**Material for this exercise**

================================

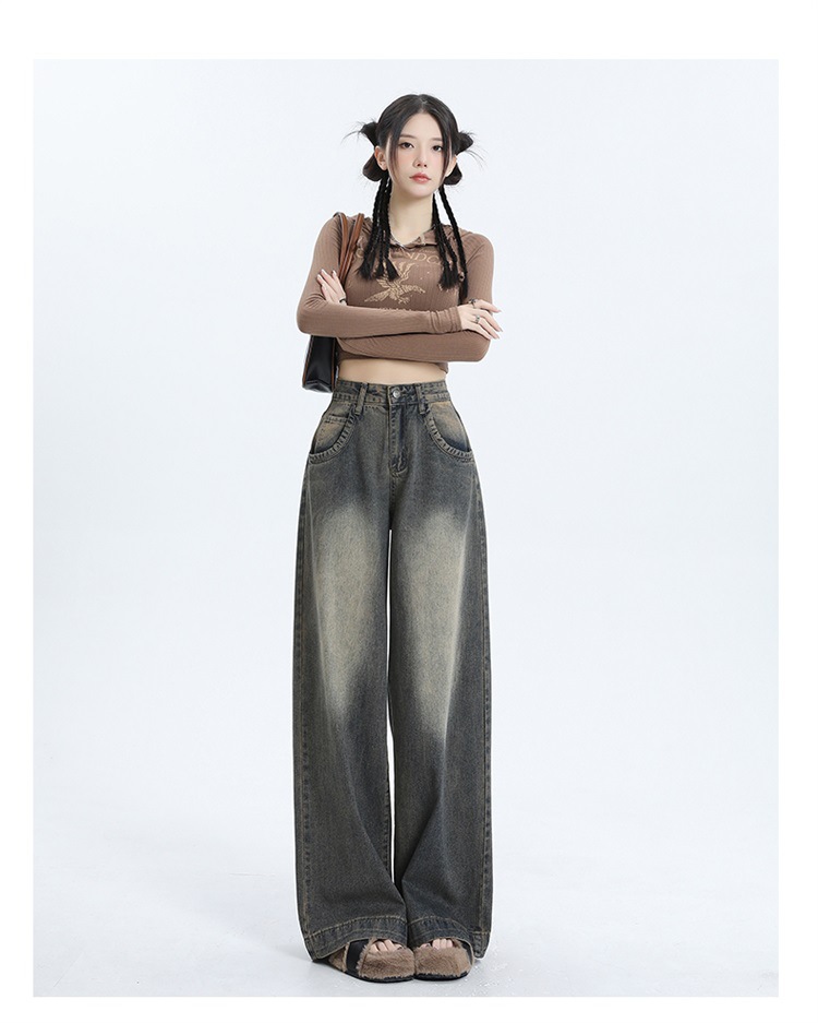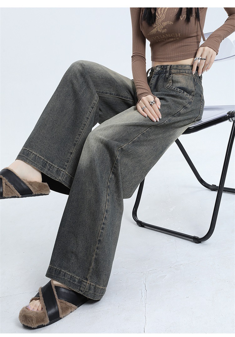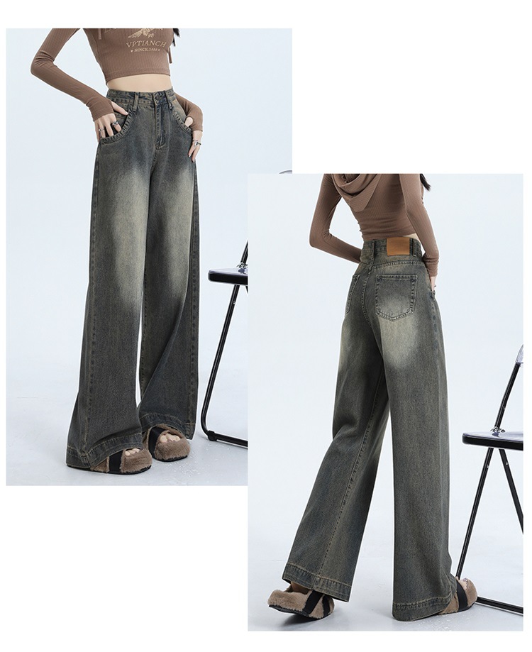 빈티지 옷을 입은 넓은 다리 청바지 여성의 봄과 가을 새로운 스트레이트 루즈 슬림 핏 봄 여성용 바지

================================

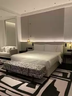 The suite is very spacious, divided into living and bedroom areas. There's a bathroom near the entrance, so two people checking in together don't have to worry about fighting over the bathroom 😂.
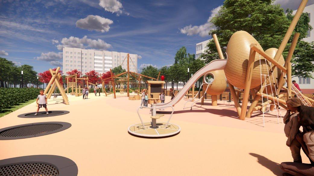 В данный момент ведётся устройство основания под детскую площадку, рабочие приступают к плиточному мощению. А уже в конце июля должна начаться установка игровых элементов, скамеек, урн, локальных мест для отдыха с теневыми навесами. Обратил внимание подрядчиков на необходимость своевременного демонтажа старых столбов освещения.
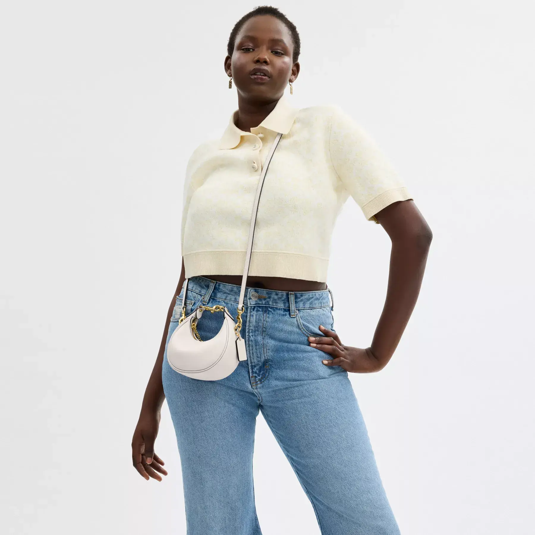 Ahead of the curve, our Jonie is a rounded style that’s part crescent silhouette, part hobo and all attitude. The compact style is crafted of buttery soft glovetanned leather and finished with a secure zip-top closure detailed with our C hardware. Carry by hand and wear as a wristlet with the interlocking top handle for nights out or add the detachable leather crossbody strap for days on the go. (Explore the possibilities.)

================================

**Task prompt**
Within the listing above, find the line containing "The suite is" and the line containing "Ahead of the". Transcribe them and everything between them exactly, leaving out the pictures.

**Response area**
 The suite is very spacious, divided into living and bedroom areas. There's a bathroom near the entrance, so two people checking in together don't have to worry about fighting over the bathroom 😂.
 В данный момент ведётся устройство основания под детскую площадку, рабочие приступают к плиточному мощению. А уже в конце июля должна начаться установка игровых элементов, скамеек, урн, локальных мест для отдыха с теневыми навесами. Обратил внимание подрядчиков на необходимость своевременного демонтажа старых столбов освещения.
 Ahead of the curve, our Jonie is a rounded style that’s part crescent silhouette, part hobo and all attitude. The compact style is crafted of buttery soft glovetanned leather and finished with a secure zip-top closure detailed with our C hardware. Carry by hand and wear as a wristlet with the interlocking top handle for nights out or add the detachable leather crossbody strap for days on the go. (Explore the possibilities.)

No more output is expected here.